## THE TASK
Retype, with no pictures, each line from the one that holds "IAI satellite with" through the last line of the entries below, both included.
=== Section Start ===
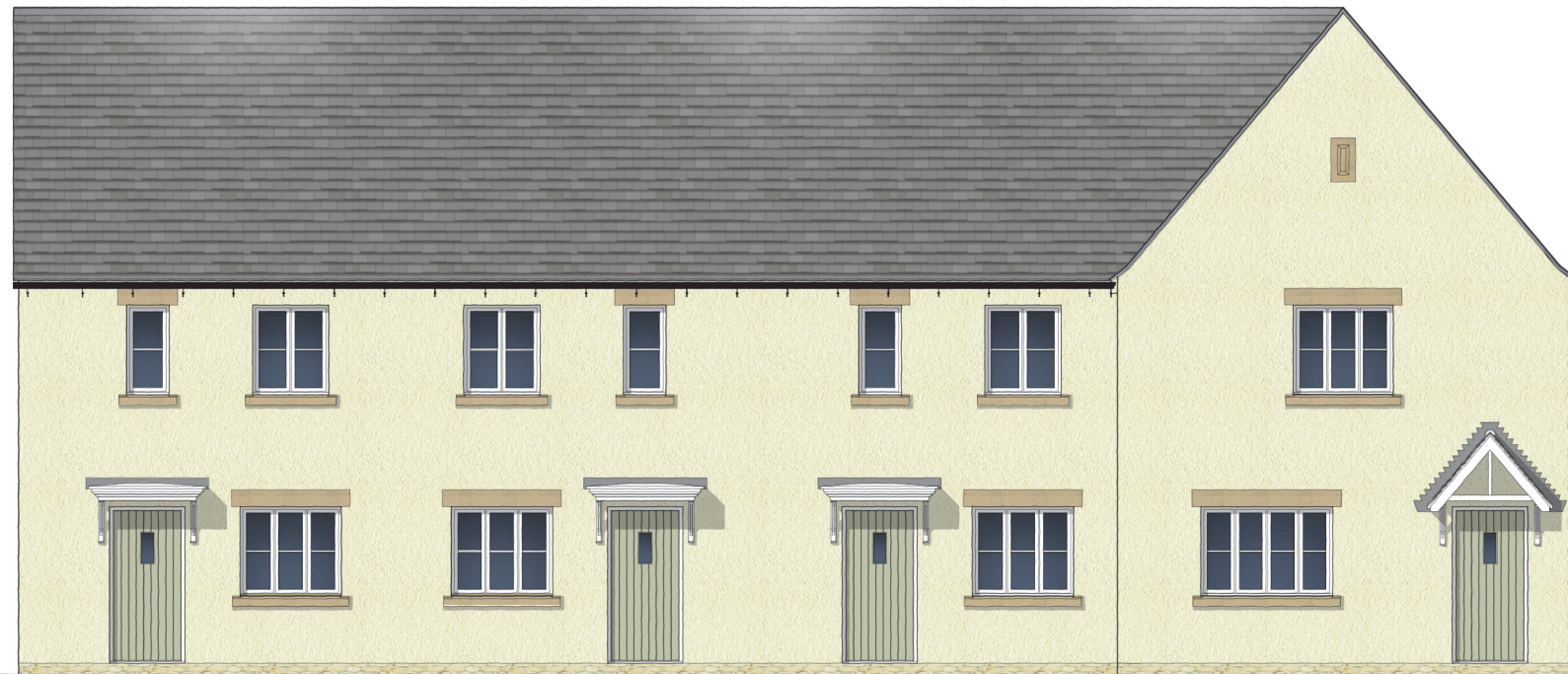
FRONT ELEVATION Flat Type EE5 (as) Plot 176

Rev Date Init A 12/11/14 TE Ground & first floor plans replanned to omit porch extension from front elevation. Roof span direction amended. - as planners comments
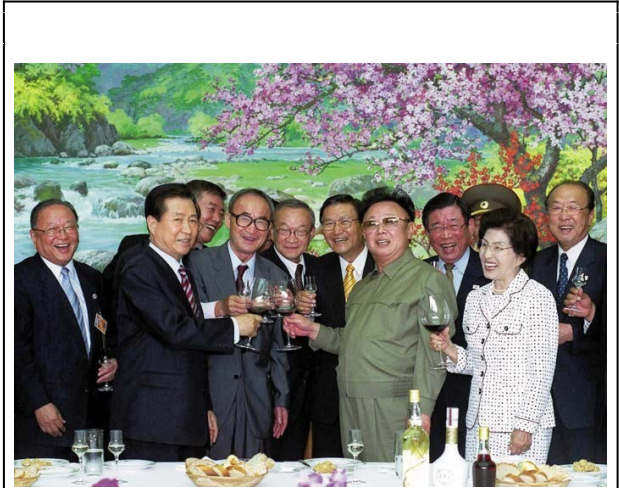
Sunshine Policy: President Kim Dae Jung meets Kim Jong-il

After industrialization and democratization in the South, in conjunction with the collapse of the Soviet Union, end of the Cold War, and periods of famine and economic decline in the North, a massive political and economic gap has emerged between the peninsula's two competing polities. 3 Furthermore, with the end of the military regime in the South came a shift in inter-Korean rapprochement policies, which have oscillated back and forth along the progressive-conservative spectrum. Even so, the framing of the unification question continues to be shaped by the belief (real or perceived) in ethnic-national unity between the North and South.
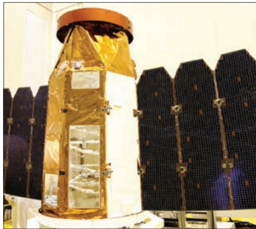
IAI satellite with a space camera – the largest camera made in Israel.

Early starts, present activity and future programmes.
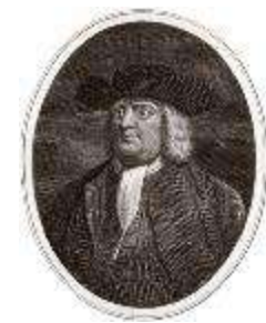
Settler William Penn, 1682

We accept .pdf format with medium compression. Color should be CMYK and not RGB.
=== Section End ===
## TASK RESULT
IAI satellite with a space camera – the largest camera made in Israel.

Early starts, present activity and future programmes.
Settler William Penn, 1682

We accept .pdf format with medium compression. Color should be CMYK and not RGB.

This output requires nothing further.